FindFit[dotsconcA, f[sB, H, kV, km], {kV, km}, {sB, H}]
FindFit:Number of coordinates (1) is not equal to the number of variables (2).

fdot1 = f1[dotsconcA[[All, 1]], dotsconcA[[All, 2]], kV111, km111];
dataA1 = Transpose[Append[Transpose[dotsconcA], fdot1]];
FindFit[dataA1, f1[sB, H, kV, km], {kV, km}, {sB, H}]
FindFit:The function value {0.0000237276+0.I, -0.0000526427+0.I, -0.00132824+0.00202876I, 0.0122705+0.I, 0.0152136+0.I, 0.0161337+0.I} is not a list of real numbers with dimensions {6} at {kV,km} = {0.000352367,-0.0140961}.
{kV -> 0.000352367, km -> -0.0140961}

How can I find the kV and km parameters in Wolfram Math by myself?
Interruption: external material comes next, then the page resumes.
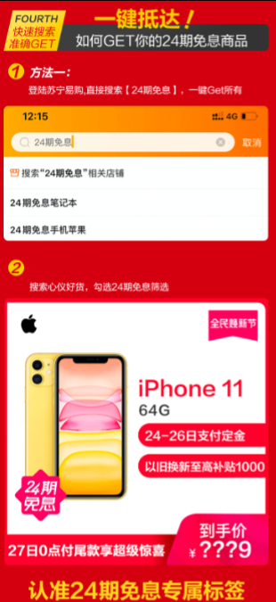 0首付0利息0手续费!24分期免息,只要正常还款,不会影响征信。从2月27日到3月16日,上苏宁购家电、家装、手机等品类,享24期分期免息。不用再等双十一,羊毛党、体验党、等等党、爱卡党收好攻略,提前加购。

UPD: So I tried the LSM that was given in the part 2 of article. This method implies that the sum of the squares of the differences between the values of H experimental and H calculated analytically should be minimal, i.e. as close as possible to 0.
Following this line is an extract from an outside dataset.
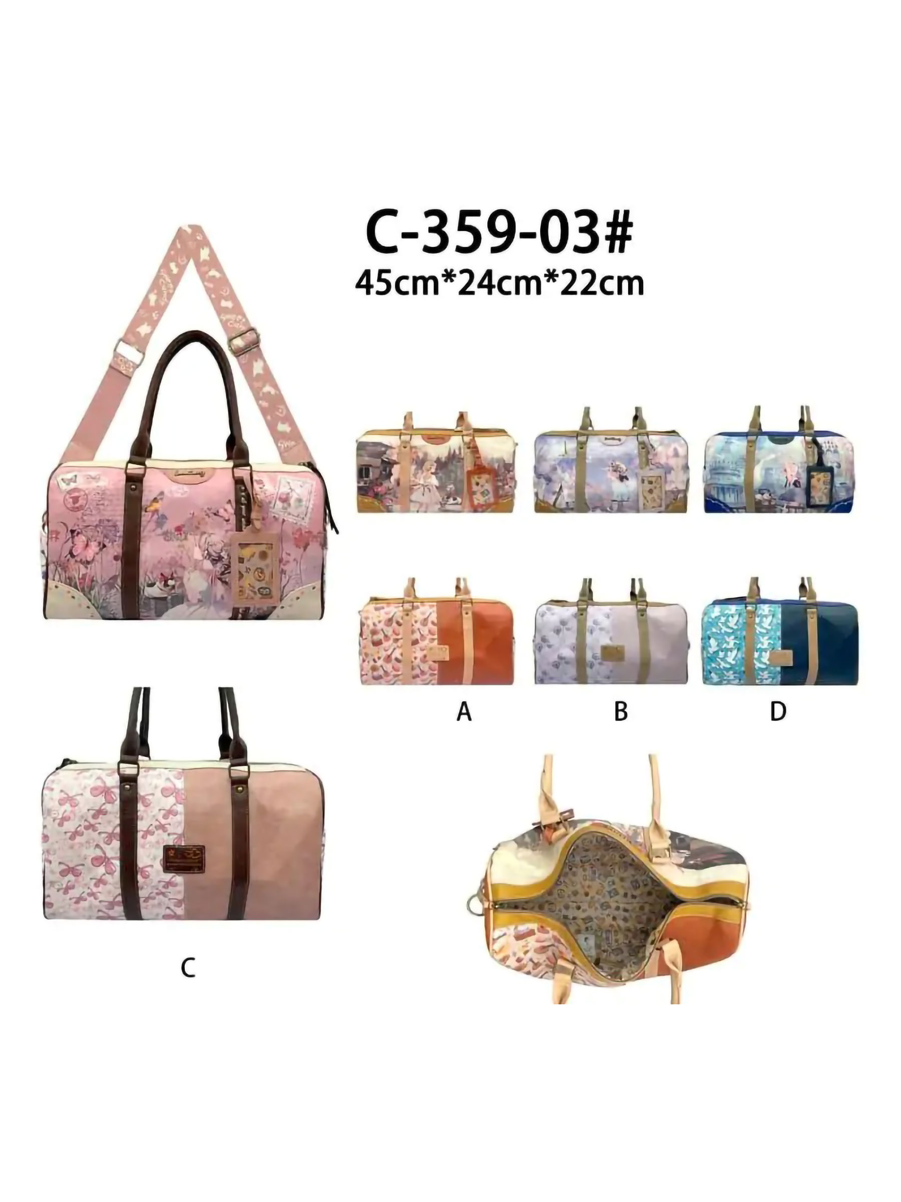 Bolso estampado formato bowling. Material polipiel. Asas de mano. Asa de hombro ajustable y extraíble. Cierre mediante cremallera metálica.

f2[sB_,H_]=kH*(HB - H) + kW*cBWA*(1/(1 + kaW/HB) - 1/(1 + kaW/H)) + 
(kv111*1/2*(sB - kv111 - km111 + Sqrt[(sB - kv111 - km111)^2 +4*km111*sB]))
/(km111 + 1/2*(sB - kv111 - km111 + Sqrt[(sB - kv111 - km111)^2 +4*km111*sB]))*
(nA/(1 + H/kaA) - nB/(1 + kaB/H))

Sum[Log[10,
(H/.FindRoot[f2[dotsconcA[[i,1]],H]==0, {H,10^14}])/dotsconcA[[i,2]]]^2, {i,1,6}]
Clear[i]
0.0117239

Here I converted PH values to concentration and brought them under one logarithm. With the same sB value, we have two different Hs.
We must find this minimum by manipulating kV and km values. I tried to use Manipulate to manually find kV and km and it worked

Manipulate[Sum[Log[10,
(H/.FindRoot[f3[dotsconcA[[i,1]],H,kV1, km1]==0, {H,10^-14}])/dotsconcA[[i,2]]]^2,
{i,1,6}], {kV1, 0.41*10^-4, 0.41*10^-2.5, 0.41*10^-4},
{km1, 13.1*10^-4, 13.1*10^-2.5, 13.1*10^-4}]

But this

  1. Takes a lot of time,
  2. gives not accurate results,
  3. requires approximate ranges for manipulated parameters, which we don't know initially.

Is there a better way to find minimum of this Sum? I tried several "Minimization" functions but they're not working


Solution

  • So we found our fit and now I will describe how if someone will face the same problem. First of all, we simplified our model to a polynomial of the 4th degree.

    f1[sB_,H_,kV_,km_]:=(H+kaA) (H+kaB) (H+kaW) (HB+kaW) ((-H+HB) kH+(cBWA (-H+HB) kaW kW)/((H+kaW) (HB+kaW))+(kV (-kaA (H+kaB) nA+H (H+kaA) nB) (km+kV-sB-Sqrt[(km+kV-sB)^2+4 km sB]))/((H+kaA) (H+kaB) (km-kV+sB+Sqrt[(km+kV-sB)^2+4 km sB])))
    

    Secondly, we used Solve to find a solution for H and defined a function of sB and 2 parameters km and kV.

    poly4[sB_,kV_,km_]:=H/.Solve[f1[sB,H,kV,km]==0&&0<=sB<=1,H,PositiveReals,InverseFunctions->True][[1]]
    

    And finally the fitting

    FindFit[dotsconcA,poly4[sB,kV,km], {{km,0.00001}, {kV,0.00001}}, sB]
    km->0.006484, kV->0.0003568
    

    Unfortunately, these parameters do not match those in the article, but when comparing the plots it looks great. Also, the fitting process takes about an hour, but that's a problem for the next question.